Welcome to Intel® Software Network Quick Login | Join | Help |
Search in Intel® Software Network Forums
in Go

How Zero in Performance / execution is possible. ?

Last post 11-20-2007, 1:56 AM by canepag. 26 replies.
Sort Posts: Previous Next
 11-06-2007, 8:00 AM 30243258  

How Zero in Performance / execution is possible. ?

I'd like to know how the judges have quote the performance / execution part ?. Because I wonder how
- a working application
- with all the read/write rewritten using multi tread for conversion,
- And 40 000 000 numbers sorted in 1 sec.
Can have 0 in performance and execution.

Is it because we have not write the last CRLF at the end on the output file? thus the file compare they might have used would have failed ?

Thanks for en lighting me on this.

Jean-Philippe D.

 
 11-07-2007, 7:59 AM 30243330 in reply to 30243258  

Re: How Zero in Performance / execution is possible. ?

Hei Jean-Philippe,
   Have you used quicksort? How many processors have you used? If you used less than 8 processors you are my winner!
   I compiled and tested the solution of the winner using intel compiler under windows and it is 23% slower than my solution (on an average of 895 runs over a random sequence of 100000 int32) . I tested the winner solution on 40 000 000 int32 and it takes 4.28 seconds on my two processors.
   My routine take 3.23 seconds on 40 000 000 int32 (two processors only) but my algorithm scales very well.
   As a consequence you are my winner. Please, my you send your solution? I'm really curious to see such a nice piece of code.
   Anyway I'm going to write a nice post about the judges: their are not adequate at all and I think I will make an official complaint to Intel: a letter full of interesting points. Look at the post in the problem 2 to see my remark with title: "Judges" !
   Gaetano
 
 11-07-2007, 9:45 AM 30243351 in reply to 30243330  

Re: How Zero in Performance / execution is possible. ?

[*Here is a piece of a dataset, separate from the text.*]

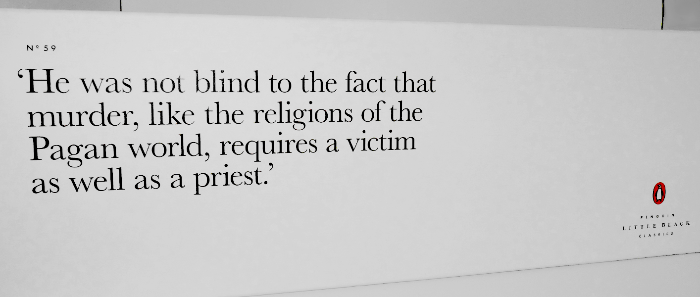 Wer sich, wie ich, nicht auf die Lektüre einzelner Titel der Little Black Classsics beschränken möchte, für den hat Penguin im September einen Schuber mit allen 80 Titeln herausgebracht – der natürlich zum Preis von 80 £ zu haben ist. Zugegeben, von der Verarbeitung her ist der Schuber nicht perfekt: Bei den Buchrücken befinden sich die weißen Balken mit dem Penguin-Logo leider nicht auf einer Höhe und die Länge des Schubers ist so knapp bemessen, dass es nicht einfach ist, ein einzelnes Büchlein aus der Mitte der Reihe herauszunehmen. Aber sieht man von diesen kleinen Makeln ab, wirkt der Schuber in der heimischen Bibliothek ausgesprochen gut. Idealerweise platziert man ihn in einem auf beiden Seiten offenen Raumtrennerregal, denn dann kommt auch die Schuberrückseite zur Geltung, welche ein Zitat aus einem der Little Black Classics ziert – in meinem Fall ein Satz Oscar Wildes.

This is not about being the winner, or the best. It is only a question on fair judging.

The problem specified 2^32 for the limit, doing a sort on 250 000 INT is trivial. This is less than 0.006% of the specified range. Everybody will say that most of our algorithm were tuned for an extremely higher quantity of integers. 

Our sort for a random 50 000 000 signed longs takes 1.12 sec on a quad core 3ghz
On the same computer the winner's solution took 7.0593 sec for the same 50 000 000 elements. That is 6 times slower.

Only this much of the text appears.